Os dois primeiros [Estado-concedente e concessionária], observo, ao longo de toda a exploração do serviço de fornecimento de energia elétrica, de competência da União (art. 21, inciso XI, alínea “b”, da CF/8), trabalham em conjunto, estando a concessionária em uma posição de quase total submissão, sob pena de rescisão do contrato de concessão na hipótese de desrespeito a alguma diretriz, política pública, projeto ou norma imposta pelo Estado- concedente. Politicamente, portanto, nas relações contratuais em geral estabelecidas com o poder público, a concessionária sempre evitará embates desgastantes e que gerem prejuízos aos serviços ou aos interesses públicos. [...]

Veja-se que, quando se trata de “criação ou alteração” de tributos, devendo-se incluir aí as modificações na forma de calcular e na base de cálculo, a concessionária encontra-se sempre protegida, impondo a lei nesses casos, para preservar o “equilíbrio econômico-financeiro”, a majoração da tarifa. Sob esse enfoque é que o Estado-cedente e a concessionária do serviço público encontram-se lado a lado, no mesmo polo, em situação absolutamente cômoda e sem desavenças, inviabilizando qualquer litígio em casos como o presente. O consumidor da energia elétrica, por sua vez, observada a mencionada relação paradisíaca concedente/concessionária, fica relegado e totalmente prejudicado e desprotegido. Esse quadro revela que a concessionária assume o papel de contribuinte de direto apenas “formalmente”, assim como o consumidor também assume a posição de contribuinte de fato em caráter meramente “formal”.99

De tudo o que foi exposto, conclui-se que a jurisprudência atual do STJ nega ao “contribuinte de fato” o direito à restituição de tributo pago indevidamente sob o fundamento de que não participa da relação-jurídico tributária e, portanto, não possui legitimidade ativa para fazê-lo. Entretanto, no que se refere ao consumidor de energia elétrica, por se tratar de serviço público explorado sob regime de concessão, regido por normas próprias, as quais implicam a existência de relações peculiares entre o Estado-

concedente e o concessionário e entre este e o consumidor final, é possível ao “contribuinte de fato” a discussão acerca da validade da obrigação tributária, bem como a restituição do indébito.

4 ANÁLISE CRÍTICA DAS PREMISSAS ADOTADAS PELA JURISPRUDÊNCIA

Tomando-se por base o que foi exposto até o presente momento, observa-se que a aplicação do art. 166 do CTN nos moldes delineados pela jurisprudência, em vez de garantir a restituição ao cidadão que pagou tributo indevido, torna efetivamente impossível a repetição do indébito, seja ao “contribuinte de direito”, seja ao “contribuinte de fato”. Estimula-se, nas palavras de Hugo de Brito Machado, a “inconstitucionalidade útil” , ou seja, “a produção de lei tributárias inconstitucionais que seriam úteis para os governantes, no sentido de que podem elevar a arrecadação, e mesmo quando declarada a inconstitucionalidade os valores arrecadados não serão restituídos”.100

Nesse contexto, o objetivo deste capítulo é desconstruir as premissas errôneas nas quais a jurisprudência alicerçou-se para exprimir seus entendimentos. Busca-se demonstrar que a interpretação atual não se coaduna com uma visão sistemática da legislação pátria. Ademais, não obedece aos ditames de um Estado Democrático de Direito, nos quais o Estado submete-se às leis, na medida em que permite que a Fazenda Pública se aproprie de valores que tenham sido pagos extrapolando-se as limitações constitucionais ao poder de tributar.

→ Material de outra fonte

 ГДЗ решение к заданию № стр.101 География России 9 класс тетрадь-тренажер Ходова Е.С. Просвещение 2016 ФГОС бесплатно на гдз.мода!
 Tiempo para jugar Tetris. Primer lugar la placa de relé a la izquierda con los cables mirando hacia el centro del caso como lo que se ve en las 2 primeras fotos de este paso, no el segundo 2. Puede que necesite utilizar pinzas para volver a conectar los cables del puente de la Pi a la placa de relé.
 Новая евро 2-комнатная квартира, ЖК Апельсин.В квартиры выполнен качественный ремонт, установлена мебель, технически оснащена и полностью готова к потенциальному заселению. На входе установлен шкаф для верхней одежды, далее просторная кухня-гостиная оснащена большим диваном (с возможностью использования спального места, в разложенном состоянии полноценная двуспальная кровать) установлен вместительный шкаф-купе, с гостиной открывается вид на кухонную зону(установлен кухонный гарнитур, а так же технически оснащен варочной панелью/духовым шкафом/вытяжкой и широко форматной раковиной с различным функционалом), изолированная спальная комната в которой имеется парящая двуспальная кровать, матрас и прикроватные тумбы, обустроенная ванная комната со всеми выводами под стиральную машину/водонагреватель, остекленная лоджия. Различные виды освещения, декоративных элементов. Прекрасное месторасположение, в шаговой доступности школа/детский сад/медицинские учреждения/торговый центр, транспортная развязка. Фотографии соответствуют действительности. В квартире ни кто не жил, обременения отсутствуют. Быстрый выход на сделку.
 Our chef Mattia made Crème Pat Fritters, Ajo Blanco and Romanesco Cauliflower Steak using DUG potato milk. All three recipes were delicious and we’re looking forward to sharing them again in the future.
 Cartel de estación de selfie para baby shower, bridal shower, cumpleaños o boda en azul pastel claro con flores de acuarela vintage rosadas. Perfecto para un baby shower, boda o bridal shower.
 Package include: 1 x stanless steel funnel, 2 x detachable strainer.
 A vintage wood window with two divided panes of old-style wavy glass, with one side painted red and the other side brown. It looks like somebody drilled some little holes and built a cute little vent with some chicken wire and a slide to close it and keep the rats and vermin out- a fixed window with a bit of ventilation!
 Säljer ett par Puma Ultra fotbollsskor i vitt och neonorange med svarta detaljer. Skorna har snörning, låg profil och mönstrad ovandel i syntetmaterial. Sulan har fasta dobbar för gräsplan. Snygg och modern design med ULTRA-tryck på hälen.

Todavia, o que se defenderá não é a completa inconstitucionalidade do dispostivo, embora a interpretação atual da jurisprudência conduza a esse raciocínio. Procurar-se-á demonstrar que é possível conferir à norma em cotejo uma interpretação conforme a Constituição e que esteja, portanto, em consonância com todo o sistema jurídico tributário brasileiro.